↓↓↓

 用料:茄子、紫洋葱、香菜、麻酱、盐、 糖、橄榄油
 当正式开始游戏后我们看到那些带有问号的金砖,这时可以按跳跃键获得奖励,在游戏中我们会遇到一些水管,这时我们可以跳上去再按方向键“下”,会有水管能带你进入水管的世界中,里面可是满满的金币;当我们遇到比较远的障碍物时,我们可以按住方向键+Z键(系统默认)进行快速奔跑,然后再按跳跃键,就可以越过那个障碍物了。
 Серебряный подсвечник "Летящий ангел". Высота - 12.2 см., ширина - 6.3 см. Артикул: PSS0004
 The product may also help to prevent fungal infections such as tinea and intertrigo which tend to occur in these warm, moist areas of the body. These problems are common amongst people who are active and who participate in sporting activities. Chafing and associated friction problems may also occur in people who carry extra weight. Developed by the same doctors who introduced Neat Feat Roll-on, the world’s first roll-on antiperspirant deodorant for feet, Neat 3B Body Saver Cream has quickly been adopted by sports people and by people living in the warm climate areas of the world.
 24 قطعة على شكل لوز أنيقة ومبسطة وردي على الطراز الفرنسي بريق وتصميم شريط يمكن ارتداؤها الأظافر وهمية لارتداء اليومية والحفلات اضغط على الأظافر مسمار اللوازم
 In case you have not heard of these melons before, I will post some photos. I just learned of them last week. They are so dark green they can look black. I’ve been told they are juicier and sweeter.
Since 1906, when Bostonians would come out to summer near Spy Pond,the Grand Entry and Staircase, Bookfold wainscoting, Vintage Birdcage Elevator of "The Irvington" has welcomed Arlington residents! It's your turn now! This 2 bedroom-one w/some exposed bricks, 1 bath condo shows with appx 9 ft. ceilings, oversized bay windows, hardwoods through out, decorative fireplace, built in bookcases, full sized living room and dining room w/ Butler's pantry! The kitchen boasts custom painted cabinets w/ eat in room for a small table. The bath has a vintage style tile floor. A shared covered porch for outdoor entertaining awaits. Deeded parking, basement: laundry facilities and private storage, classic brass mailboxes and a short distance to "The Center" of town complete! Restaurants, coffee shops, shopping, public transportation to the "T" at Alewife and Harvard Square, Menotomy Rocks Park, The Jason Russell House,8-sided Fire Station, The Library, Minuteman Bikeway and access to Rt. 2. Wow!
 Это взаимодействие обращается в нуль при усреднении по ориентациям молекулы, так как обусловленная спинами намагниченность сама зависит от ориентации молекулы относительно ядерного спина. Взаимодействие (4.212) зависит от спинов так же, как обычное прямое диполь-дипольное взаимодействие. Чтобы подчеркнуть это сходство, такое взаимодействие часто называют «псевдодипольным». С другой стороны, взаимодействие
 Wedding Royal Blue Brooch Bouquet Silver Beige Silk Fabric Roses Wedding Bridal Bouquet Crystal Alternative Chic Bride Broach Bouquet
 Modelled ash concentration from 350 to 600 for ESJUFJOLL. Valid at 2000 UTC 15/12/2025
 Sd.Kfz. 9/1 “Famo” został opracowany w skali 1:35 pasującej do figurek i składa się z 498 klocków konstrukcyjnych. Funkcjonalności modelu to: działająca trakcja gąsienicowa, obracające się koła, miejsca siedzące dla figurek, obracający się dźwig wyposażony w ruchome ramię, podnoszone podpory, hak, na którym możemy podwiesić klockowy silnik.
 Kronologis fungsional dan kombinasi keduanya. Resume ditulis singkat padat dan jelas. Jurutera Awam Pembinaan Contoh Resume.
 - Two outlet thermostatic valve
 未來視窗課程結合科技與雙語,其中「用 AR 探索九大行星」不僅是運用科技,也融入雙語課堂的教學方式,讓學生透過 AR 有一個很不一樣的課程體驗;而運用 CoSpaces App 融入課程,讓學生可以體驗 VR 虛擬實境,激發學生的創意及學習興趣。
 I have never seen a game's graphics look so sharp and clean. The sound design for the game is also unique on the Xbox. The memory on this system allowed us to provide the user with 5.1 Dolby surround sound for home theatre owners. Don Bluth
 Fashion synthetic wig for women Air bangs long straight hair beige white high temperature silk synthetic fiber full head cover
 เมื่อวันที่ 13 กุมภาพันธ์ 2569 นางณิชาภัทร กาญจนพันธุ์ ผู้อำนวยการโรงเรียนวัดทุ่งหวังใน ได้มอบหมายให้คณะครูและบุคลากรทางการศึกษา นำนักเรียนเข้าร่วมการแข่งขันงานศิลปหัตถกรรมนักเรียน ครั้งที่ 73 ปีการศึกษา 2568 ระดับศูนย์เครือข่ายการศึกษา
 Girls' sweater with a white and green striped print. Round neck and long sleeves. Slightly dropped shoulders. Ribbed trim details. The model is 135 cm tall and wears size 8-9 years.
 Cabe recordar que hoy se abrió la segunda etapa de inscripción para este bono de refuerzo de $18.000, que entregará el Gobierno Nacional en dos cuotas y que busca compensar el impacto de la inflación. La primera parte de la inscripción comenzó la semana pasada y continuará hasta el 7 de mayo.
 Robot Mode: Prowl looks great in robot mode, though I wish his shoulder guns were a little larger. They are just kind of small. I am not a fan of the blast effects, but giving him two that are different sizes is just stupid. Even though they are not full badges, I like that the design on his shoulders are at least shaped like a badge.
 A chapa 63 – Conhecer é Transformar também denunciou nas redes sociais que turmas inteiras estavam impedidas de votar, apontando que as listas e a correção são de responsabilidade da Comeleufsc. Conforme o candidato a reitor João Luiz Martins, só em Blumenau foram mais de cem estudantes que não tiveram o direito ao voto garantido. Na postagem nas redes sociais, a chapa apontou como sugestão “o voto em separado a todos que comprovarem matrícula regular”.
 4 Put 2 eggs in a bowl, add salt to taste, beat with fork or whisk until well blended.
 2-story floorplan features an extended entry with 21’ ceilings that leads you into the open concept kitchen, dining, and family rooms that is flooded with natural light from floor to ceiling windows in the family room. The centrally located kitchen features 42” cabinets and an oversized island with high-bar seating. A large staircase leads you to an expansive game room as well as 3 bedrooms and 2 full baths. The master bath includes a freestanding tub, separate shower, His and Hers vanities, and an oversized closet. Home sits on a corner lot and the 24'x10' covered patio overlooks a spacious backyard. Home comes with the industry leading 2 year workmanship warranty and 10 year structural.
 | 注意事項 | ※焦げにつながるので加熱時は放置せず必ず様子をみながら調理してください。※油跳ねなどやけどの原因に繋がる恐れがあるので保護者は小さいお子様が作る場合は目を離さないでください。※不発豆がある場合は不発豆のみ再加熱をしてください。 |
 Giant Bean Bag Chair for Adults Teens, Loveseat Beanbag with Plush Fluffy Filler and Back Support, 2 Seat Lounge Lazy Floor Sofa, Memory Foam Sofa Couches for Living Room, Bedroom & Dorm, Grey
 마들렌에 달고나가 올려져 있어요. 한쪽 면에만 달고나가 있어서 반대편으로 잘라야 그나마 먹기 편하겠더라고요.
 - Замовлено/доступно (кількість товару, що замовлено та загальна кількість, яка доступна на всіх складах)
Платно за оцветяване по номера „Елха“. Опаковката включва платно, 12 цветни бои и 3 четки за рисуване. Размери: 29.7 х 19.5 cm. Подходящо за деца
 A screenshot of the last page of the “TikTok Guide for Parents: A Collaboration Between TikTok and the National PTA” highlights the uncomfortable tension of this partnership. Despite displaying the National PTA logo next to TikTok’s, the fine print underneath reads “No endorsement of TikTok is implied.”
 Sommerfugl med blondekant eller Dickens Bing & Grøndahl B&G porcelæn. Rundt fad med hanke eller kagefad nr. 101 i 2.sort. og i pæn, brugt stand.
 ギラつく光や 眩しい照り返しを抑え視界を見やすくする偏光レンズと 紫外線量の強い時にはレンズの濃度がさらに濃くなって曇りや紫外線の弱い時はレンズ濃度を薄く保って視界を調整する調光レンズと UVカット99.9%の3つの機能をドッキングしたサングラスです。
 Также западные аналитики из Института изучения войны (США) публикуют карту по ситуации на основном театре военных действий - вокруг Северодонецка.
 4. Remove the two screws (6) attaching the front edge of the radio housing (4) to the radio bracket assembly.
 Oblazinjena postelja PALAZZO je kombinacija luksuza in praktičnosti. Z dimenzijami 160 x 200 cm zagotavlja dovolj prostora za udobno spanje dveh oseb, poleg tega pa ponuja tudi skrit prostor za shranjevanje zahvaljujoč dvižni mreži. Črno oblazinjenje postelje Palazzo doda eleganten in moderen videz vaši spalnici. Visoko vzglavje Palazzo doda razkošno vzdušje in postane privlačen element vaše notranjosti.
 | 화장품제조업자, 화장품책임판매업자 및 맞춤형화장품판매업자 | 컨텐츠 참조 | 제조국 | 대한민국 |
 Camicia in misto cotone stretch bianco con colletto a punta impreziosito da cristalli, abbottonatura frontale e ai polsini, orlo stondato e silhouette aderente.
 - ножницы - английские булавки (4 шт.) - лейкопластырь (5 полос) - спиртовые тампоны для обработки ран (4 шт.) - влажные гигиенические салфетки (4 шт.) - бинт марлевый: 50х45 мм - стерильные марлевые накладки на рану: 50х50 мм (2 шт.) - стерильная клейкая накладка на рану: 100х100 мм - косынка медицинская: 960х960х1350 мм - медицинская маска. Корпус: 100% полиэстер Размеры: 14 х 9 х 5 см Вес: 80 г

↑↑↑

**Problem details**
Exactly how many lines in the records contain the string "white"? Give that number alone.

**Task solution**
2